International Symposium on Microarchitecture (MICRO), Dec 2010.
Parallel programming is hard, because it is impractical to test all
possible thread interleavings. One promising approach to improve a
multi-threaded program's reliability is to constrain a production
run's thread interleavings in such a way that untested interleavings
are avoided as much as possible. Such an approach would avoid
hard-to-test rare thread interleavings in production runs, and thereby
improve correctness. However, a key challenge in realizing this goal
is in determining thread interleaving constraints from the tested
correct interleavings, and enforcing them efficiently in production
In this paper, we propose a new method to determine thread interleaving constraints from the tested interleavings in the form of lifeguard transactions (LifeTxes). An untested code region initially is contained in a single LifeTx. As the code region is tested for more thread interleavings, its original LifeTx is automatically split into multiple smaller LifeTxes so that those tested interleavings are permitted in a production run.
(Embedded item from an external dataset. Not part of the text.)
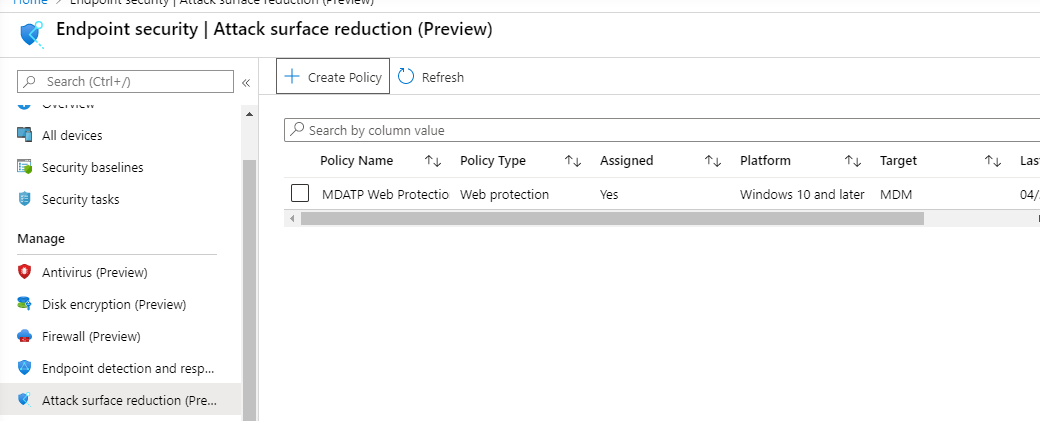 Passare a Riduzione della superficie di attacco per la sicurezza > degli endpoint.

The LifeTx interleaving constraints can be enforced efficiently using hardware transactional memory support.
We show that 12 out of 15 real concurrency bugs in programs like Apache, MySQL and Mozilla could be avoided using the proposed approach. LifeTx can also help improve the testing process. Instead of blindly stress testing as many rare interleavings as possible, testers and tools can prioritize their efforts on exposing more frequent interleavings for code regions contained in the largest LifeTx.